The second thing I noticed – excuse my blasé attitude – was the sheer wonder people had towards, well, things; anything and everything was to be marveled at, a selfie opportunity around every corner: red phone boxes, red letter boxes, signs commemorating imperial happenings or, indeed, persons of imperial prominence; everything was extraordinary for these visitors, which, of course, should be the case on a good holiday. Yet I had never considered these things worth thinking of, let alone worth taking a selfie with; a red telephone box? Ridiculous!, why would anybody want a picture with, what is in effect, a portable toilet or shelter for the homeless, drunk, or both! However, on my nighttime jaunt I found myself looking at such things in a new light: A phone box, or letterbox, or Imperial inscription is worth thinking about and yes, our imperial legacy should not be blindly celebrated in some nationalistic nostalgia for past glory, and yes, we should find a better shelter for our homeless than letting them use phone boxes, but it is nice to notice our city; to care for the intricacies of the architecture and for the shared history of our people, and so many others, that an Imperial monument, like Cleopatra’s Needle, symbolises.
As I sat on the train home, having walked to the National Gallery and down past the Southbank Centre, I realised that I do not make the most of my city.
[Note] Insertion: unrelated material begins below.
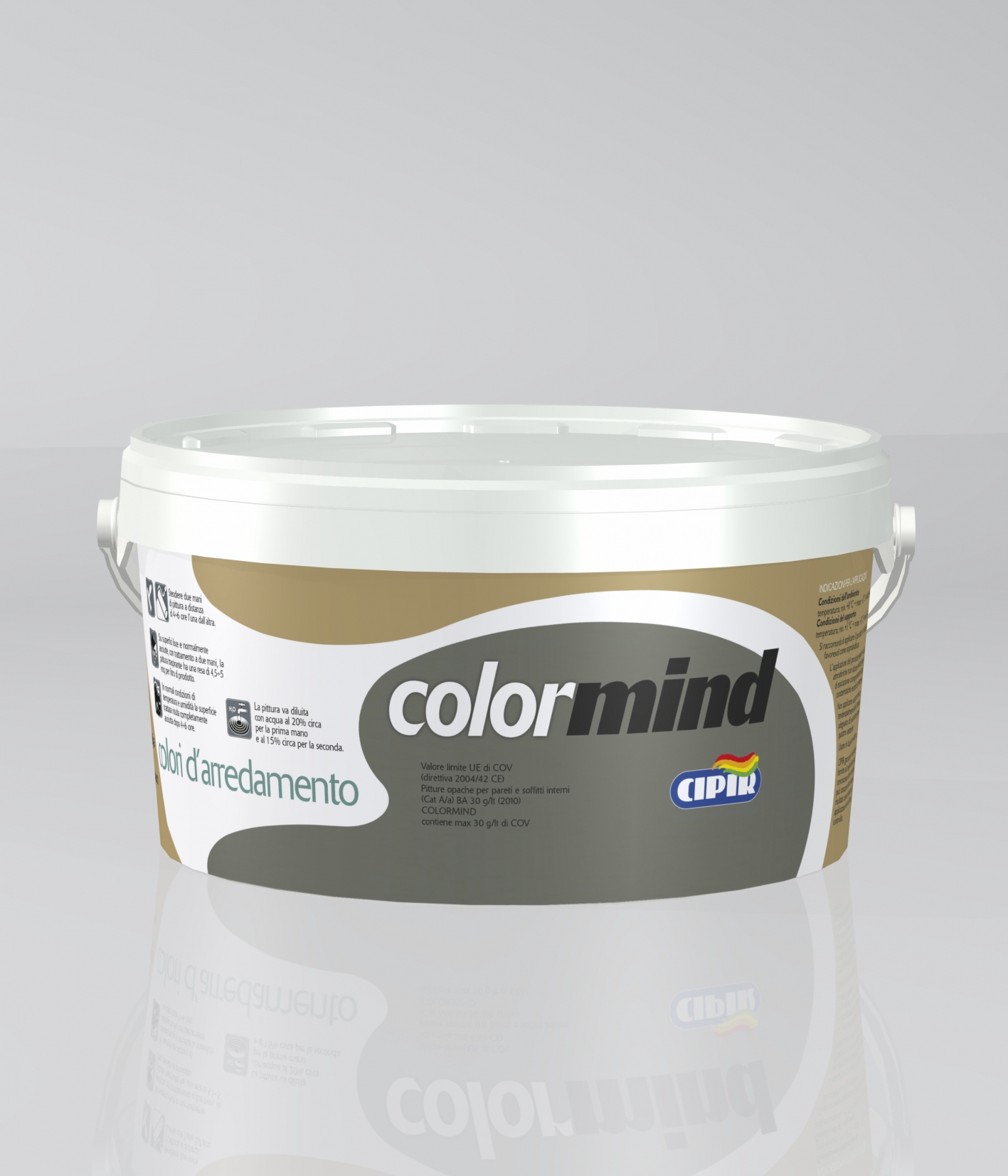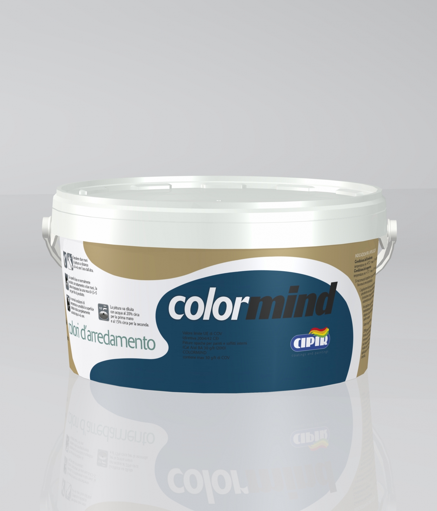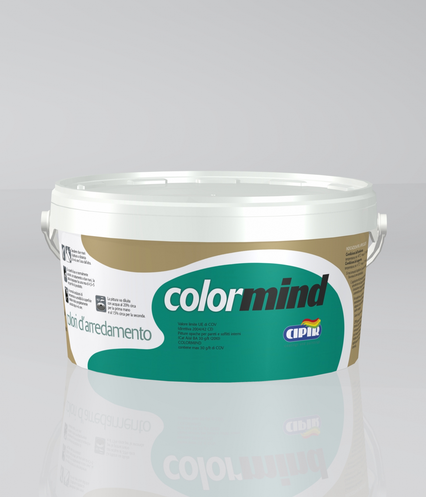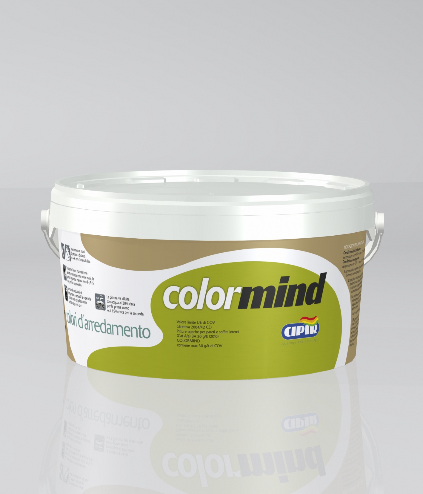 COMPOSTI ORGANICI VOLATILI Valore limite UE di COV (direttiva 2004/42 CE) Pitture opache per pareti e soffitti interni (Cat A/a) BA 30 gr/lt (2013) ColorMind contiene max 30 gr/lt di COV

I do not go to enough museums or theatre productions or exhibitions; I do not look up and admire the architecture or marvel at the little things, like postboxes. I realised that I take my city for granted, presuming such options will always be open to me. Today, I can get on a train and be at a museum, such as the British museum or National Gallery, within the hour and that is marvelous. However, you can never know what the future brings and, perhaps, tomorrow I may not be able to do that. Where you live, whether a small village or sprawling metropolis, has its unique areas, its charm, its own personality and I think it is important to notice these things and to care for them. In the rush of day-to-day life it is all so easy to focus on the nitty-gritty, to focus on the minutiae, the ups and downs, the struggles and worries that life brings, caught up with too much to do in too little time, but sometimes we need to just stop. Entertain that whim, you never know where it’ll take you, it might just change your perspective.